= John Would =

American musician

John Would is a Grammy award-winning American musician, songwriter, composer, record producer, audio engineer, and mixer, who was born in Vallejo, California. He has recorded and performed extensively as a multi-instrumentalist (primarily guitarist) and works mainly out of his own studio, Stanley Recordings, in Los Angeles, California.

==As producer, engineer, and musician==
Would, previously known as John Wood (name change due to too many John Woods), served as a guitarist for Warren Zevon in his 1982 touring band.

Would won a Grammy Award for his work on Fiona Apple's highly acclaimed Fetch the Bolt Cutters record.
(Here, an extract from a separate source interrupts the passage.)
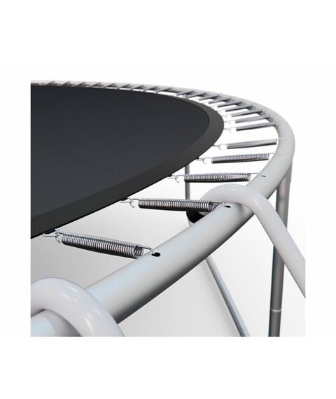 - На этом батуте установлено 108 надежных пружин, которые обеспечивают оптимальную жесткость и позволяют прыгать с большой высоты без риска травмы. Пружины диаметром 22 и длиной 178 миллиметров, обеспечивают плавный и мягкий прыжок.

He recorded a large part of the 2020 release as well as playing keyboards and some mixing. Would's daughter, Amy Wood, is Apple's drummer and co-producer on the album. He also recorded Apple's 2012 Grammy-nominated album, The Idler Wheel...

For the 2021 Sharon Van Etten tribute album Epic Ten, Would recorded most of and mixed Fiona Apple’s version of "Love More".

For the 2022 Netflix documentary White Hot: The Rise and Fall of Abercrombie & Fitch, Would was on daughter Amy Wood’s team producing, composing, playing, and mixing the score.

For Adam Levy's 2019 release,
Accidental Courage, Would recorded the record mostly live in the studio with very few overdubs. The band featured Levy on guitars and vocals, Gaby Moreno on guitar and vocals, Charley Drayton on drums, Madison Cunningham on guitars and vocals, Darryl Jones on bass guitar, and Benmont Tench on keyboards. Would also mixed the record.

For HBO's True Blood, Would produced, recorded, played on, and mixed the song "Let's Boot and Rally" with Iggy Pop and Bethany Cosentino of Best Coast, and a remake of The Animals song "Don't Let Me Be Misunderstood". Which featured a duet with Eric Burdon and Jenny Lewis.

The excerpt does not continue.